Except that it isn’t okay.

There is nothing magic about do-while(false). It does exactly what you think it does, which is to say, very little. In fact, it does so little, your typical optimizing compiler won’t generate any code for it. Yet, it is really handy in a few circumstances.

(As usual, all of my code snippets are written in C++ unless C is absolutely necessary, and all my referenced examples are from the Digital Aggregates Desperado open source library of reusable components from http://www.diag.com/navigation/downloads/Desperado.html.)

Common Exit Flow of Control

All C++ functions have a common entry point. It is frequently desirable for functions to have a common exit point. There are all sorts of reasons for this. The most pragmatic reason is having a common entry and exit point makes it easy to add debugging statements that log the arguments being passed into the function, and the results generated by the function.
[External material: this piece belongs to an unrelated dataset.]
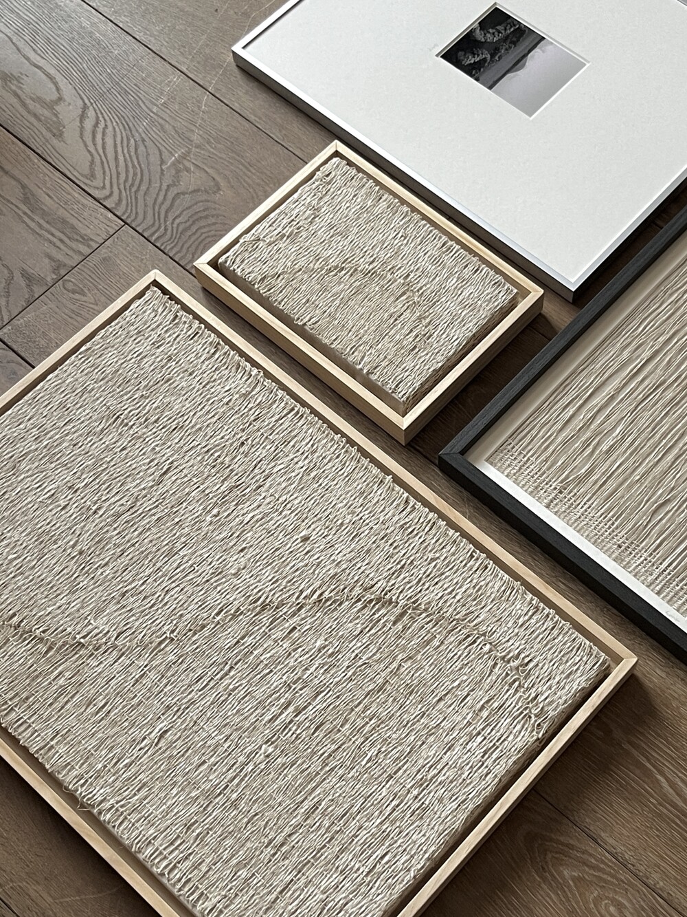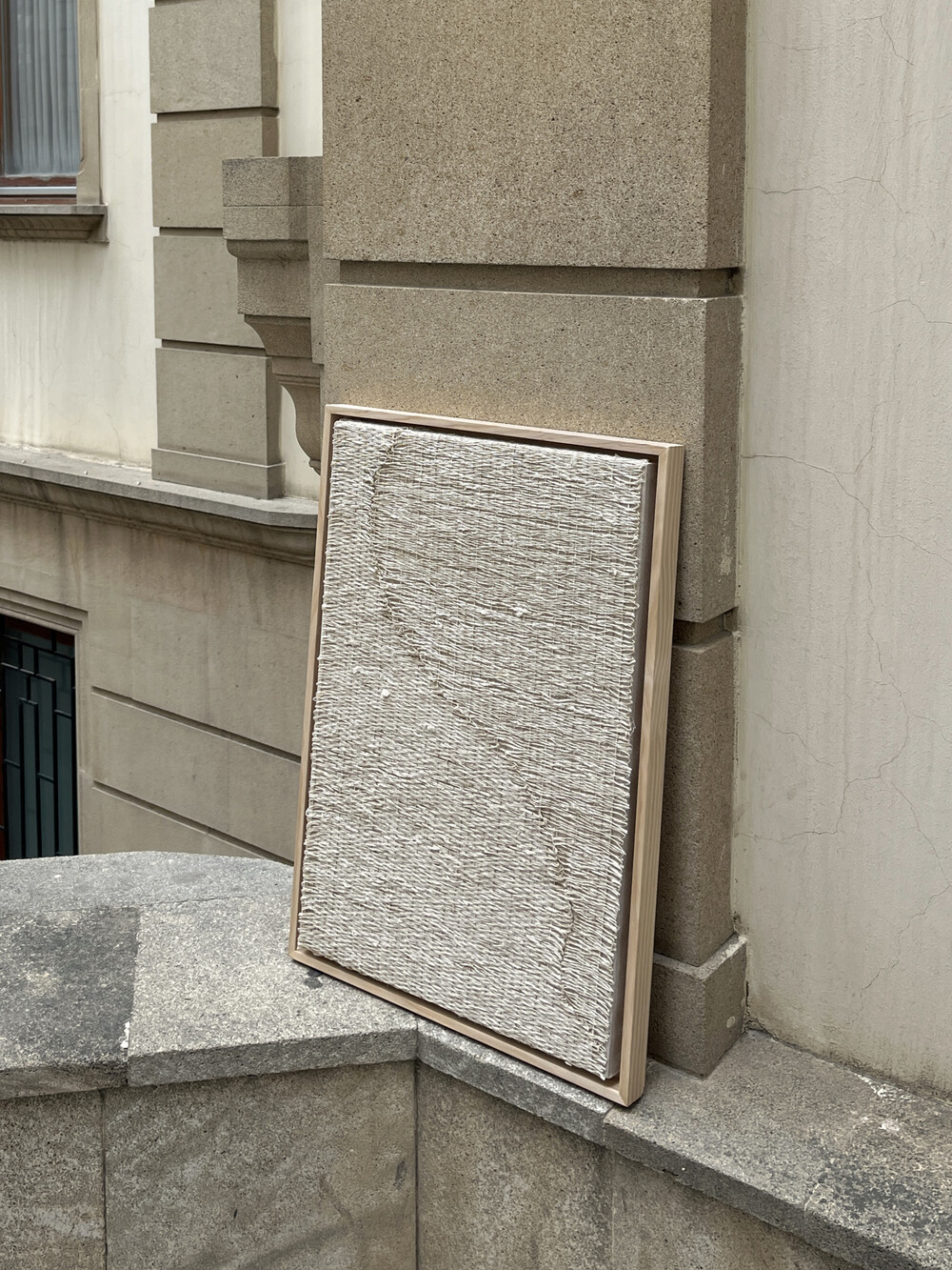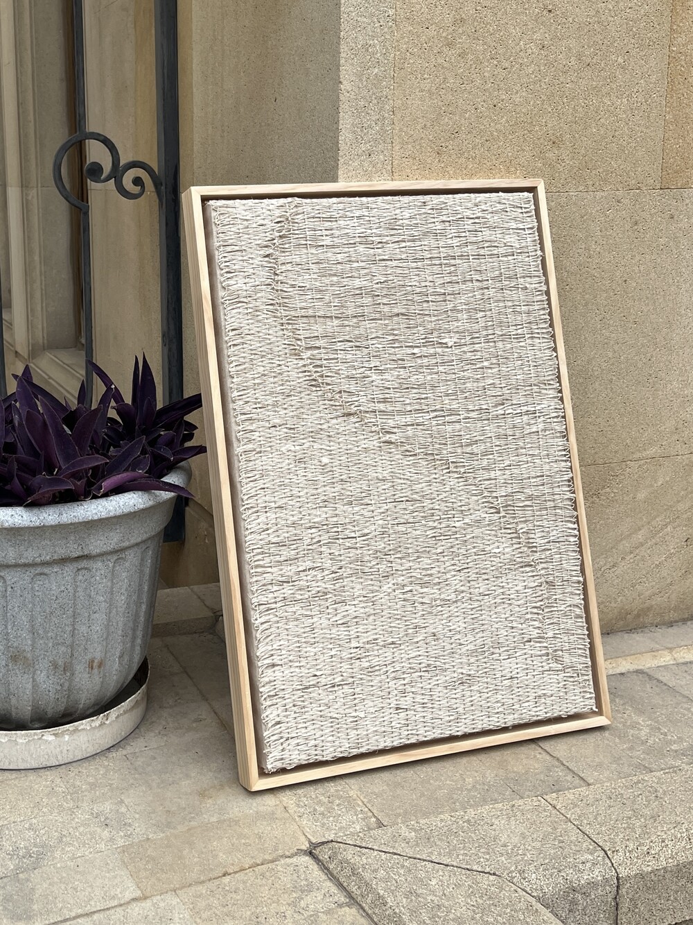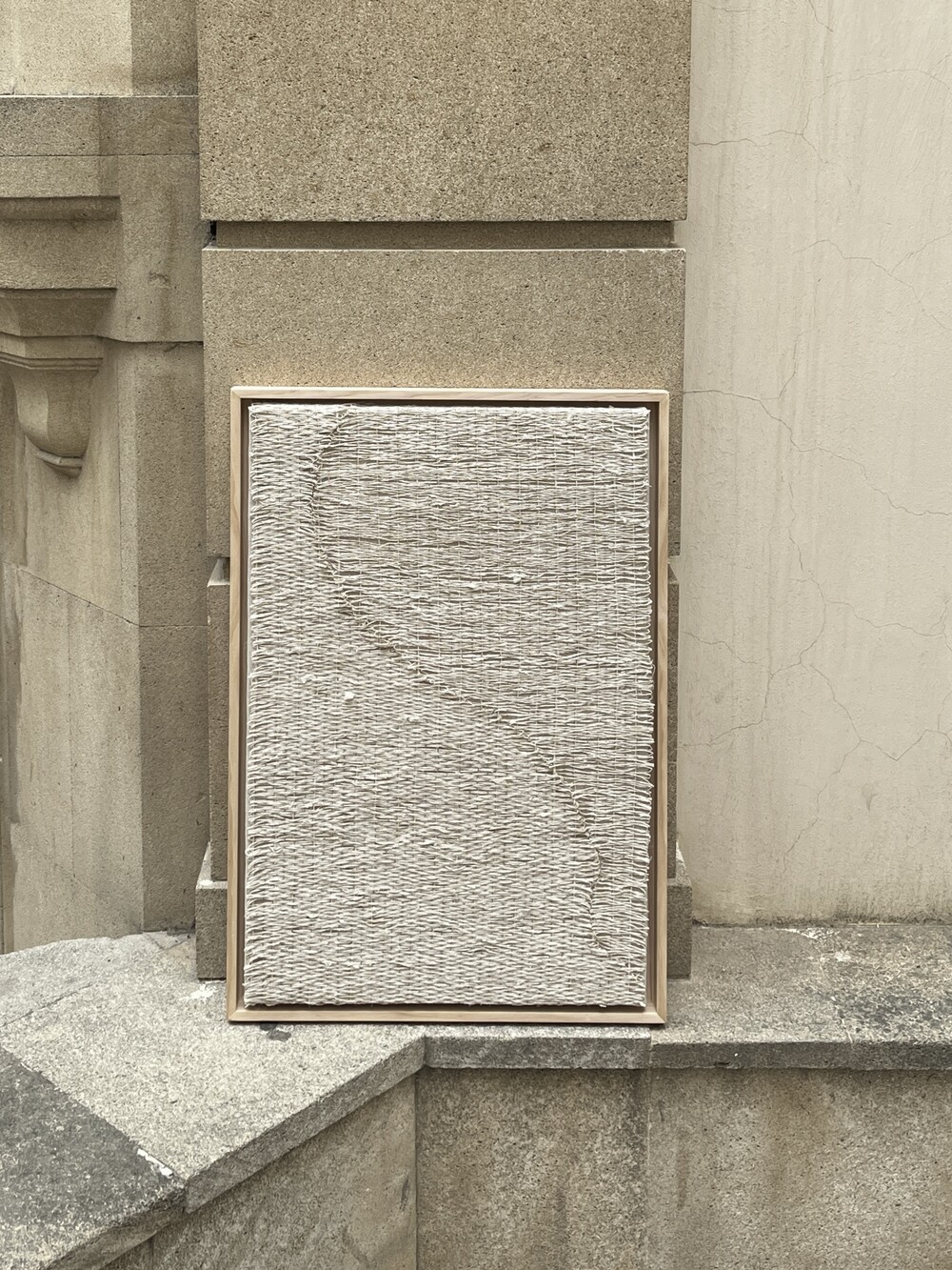 작업 과정 중, 선을 어떻게 표현할지에 대해 고민이 많았습니다. 여러 표현 방식을 시도했지만, 불필요한 요소들을 잘 덜어내어 간결하게 표현하는 것에 집중하였습니다. 작품을 볼 때 시선에 걸리는 부분이 없었으면 하여, 짜임의 밀도 차이로 자연스럽게 나뉘는 경계를 선으로 표현하였습니다. 빛과 각도에 따라 달라지는 선의 선명함과 텍스처의 깊이 또한 이 작업을 바라보는 또 하나의 요소가 되길 바랍니다.

If the flow of control needs to return prematurely, it can do so while not avoiding the logging statement at the common exit, just by doing a break.

bool function1(int argument1) {

int rc = 0;

printf(“%s[%d]: function1(%d)\n”,

__FILE__, __LINE__, argument1);

do {

// Some really complicated code.

if (bogus) {

rc = -1;

break;

}

// Some more really complicated code.

if (giveup) {

rc = -2;

break;

}

// Yet more really complicated code.

if (error) {

rc = -3;

break;

}

} while (false);

printf(“%s[%d]: function1=%d\n”,

__FILE__, __LINE__, rc);

return rc;

}

The inner logic uses the break statement to drop out the bottom of the do-while (false). No need for labels. No need for maintaining and checking flags. And if the inner logic completes and the flow of control finds itself at the while (false), it simply drops through. No harm, no foul, no iteration.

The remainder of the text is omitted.